Secondly, Huda said, survivors who file rape cases tend to face violent reprisals from the accused, who are usually more powerful and influential, for daring to seek justice.
“The lack of witness protection system allows the rapist’s side to threaten the rape survivor to the point they are no longer able to continue the case out of fear for their own safety,” he said. “Therefore in those cases, there is likely to be an out of court settlement, and the rapist gets acquitted.”
The real solution
The definition of rape under current Bangladeshi law (Penal Code 1860/375) has little clarify the idea of consent, which is the primary determinant of what constitutes rape, said Dhaka-based human right activist Zefroon Afsary. This results in ambiguity that can tolerate unacceptable degrees of sexual violence.

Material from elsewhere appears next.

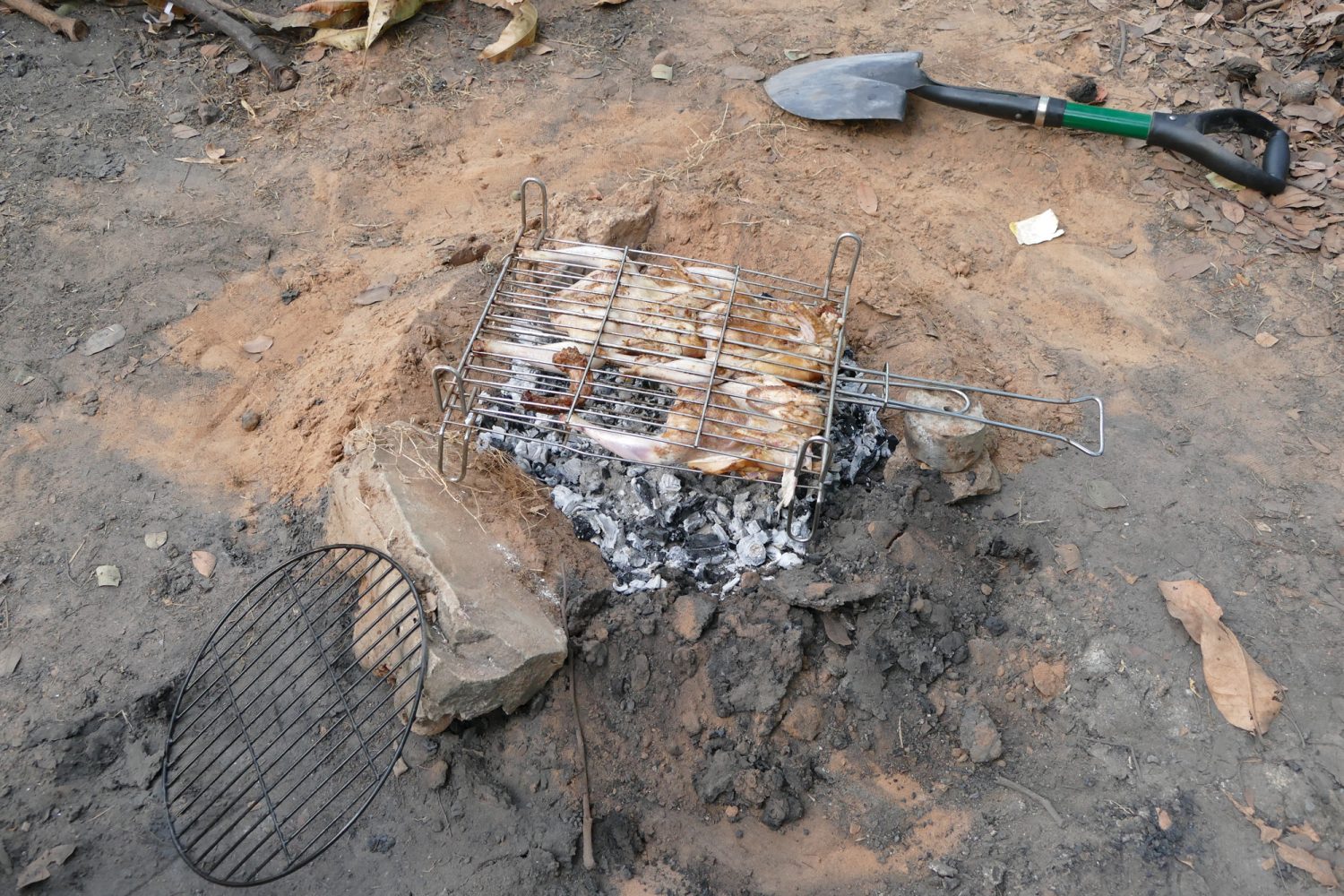 We start preparing hot water to pour over the chickens. This makes it easier to pluck the feathers. Some ants have already discovered the feathers for themselves and drag them away. At about this time, our chicken delivery man comes back on his moped to ask if he should slaughter the chickens for us. Very nice, but too late.

“This law is inherited from another era which also tolerated racism and slavery,” said Afsary. “Naturally it cannot fit the criteria that can successfully tackle the level of sexual assault that is faced by women and girls who are living 160 years later. Present-day women experience sexual abuse in many fronts, sometimes repeatedly; in public transport, streets, homes, educational institutions and the workplace-making all spaces unsafe.”

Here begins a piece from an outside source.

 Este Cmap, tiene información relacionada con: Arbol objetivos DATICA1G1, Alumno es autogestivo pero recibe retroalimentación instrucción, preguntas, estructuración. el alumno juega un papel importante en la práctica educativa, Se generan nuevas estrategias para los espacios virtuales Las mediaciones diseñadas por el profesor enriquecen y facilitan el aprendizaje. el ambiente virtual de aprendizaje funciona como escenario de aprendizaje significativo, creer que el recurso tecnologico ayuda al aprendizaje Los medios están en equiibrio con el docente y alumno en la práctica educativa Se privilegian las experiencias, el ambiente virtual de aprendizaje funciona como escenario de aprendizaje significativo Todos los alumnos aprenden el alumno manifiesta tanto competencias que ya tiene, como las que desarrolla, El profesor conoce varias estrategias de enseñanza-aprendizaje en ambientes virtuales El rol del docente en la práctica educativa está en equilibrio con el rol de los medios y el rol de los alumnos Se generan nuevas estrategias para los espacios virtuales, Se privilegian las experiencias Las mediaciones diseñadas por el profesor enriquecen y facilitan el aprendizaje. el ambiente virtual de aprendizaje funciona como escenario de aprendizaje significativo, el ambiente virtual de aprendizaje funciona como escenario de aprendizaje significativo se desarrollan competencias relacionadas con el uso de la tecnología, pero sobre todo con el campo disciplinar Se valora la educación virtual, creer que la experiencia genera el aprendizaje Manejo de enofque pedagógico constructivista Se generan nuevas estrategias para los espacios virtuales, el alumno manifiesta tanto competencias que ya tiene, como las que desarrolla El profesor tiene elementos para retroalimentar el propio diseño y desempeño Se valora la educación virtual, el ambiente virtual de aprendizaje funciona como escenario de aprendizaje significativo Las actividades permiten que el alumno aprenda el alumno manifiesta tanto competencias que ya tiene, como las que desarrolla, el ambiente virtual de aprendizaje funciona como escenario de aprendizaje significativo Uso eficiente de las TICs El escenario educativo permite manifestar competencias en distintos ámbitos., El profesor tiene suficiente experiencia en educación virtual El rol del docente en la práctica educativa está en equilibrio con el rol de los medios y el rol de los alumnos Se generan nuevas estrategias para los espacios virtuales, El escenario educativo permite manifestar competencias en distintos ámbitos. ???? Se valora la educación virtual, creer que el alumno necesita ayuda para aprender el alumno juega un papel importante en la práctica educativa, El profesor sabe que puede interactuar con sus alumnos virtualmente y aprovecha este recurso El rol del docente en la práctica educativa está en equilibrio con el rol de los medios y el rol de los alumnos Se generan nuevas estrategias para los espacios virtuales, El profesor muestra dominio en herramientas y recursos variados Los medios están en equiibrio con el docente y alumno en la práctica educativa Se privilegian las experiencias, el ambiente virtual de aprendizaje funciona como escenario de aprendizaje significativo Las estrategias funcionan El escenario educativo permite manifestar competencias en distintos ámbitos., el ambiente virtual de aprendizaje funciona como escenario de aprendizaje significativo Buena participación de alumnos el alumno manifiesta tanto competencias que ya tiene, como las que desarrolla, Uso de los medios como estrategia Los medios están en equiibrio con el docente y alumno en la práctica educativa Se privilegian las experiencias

She said in most cases the women are discouraged to ask for justice, due to stigma around the topic of sexual violence, general lack of respect for women and high levels of apathy to the violation of women’s bodies.
“This is encouraged by a thriving culture of impunity against perpetrators,” Afsary said. “The law needs revision to include intimate partner violence, which is an unrecognised reality of an overwhelming number of women and girls.”
Bangladeshis must first be ready to view violence against women and girls as crimes and not instances that lower her “honor” in society, she said
“In villages of Bangladesh, it is the norm to marry off the survivor to rapist, showing to what extent the association of ‘violation of female body’ with ‘shame’ can cause,” Afsary said. “Sex education should be part of schooling and the practice of zero tolerance for violence and abuse should be adopted by all workplaces.”
She added: “Women’s safety must be ensured in public spaces firstly by acknowledging them as a human being with dignity and rights, instead of subjecting her to objectification, stereotyping and toxic social norms that don’t hold men accountable but comfortably restricts the freedom of women and girls.”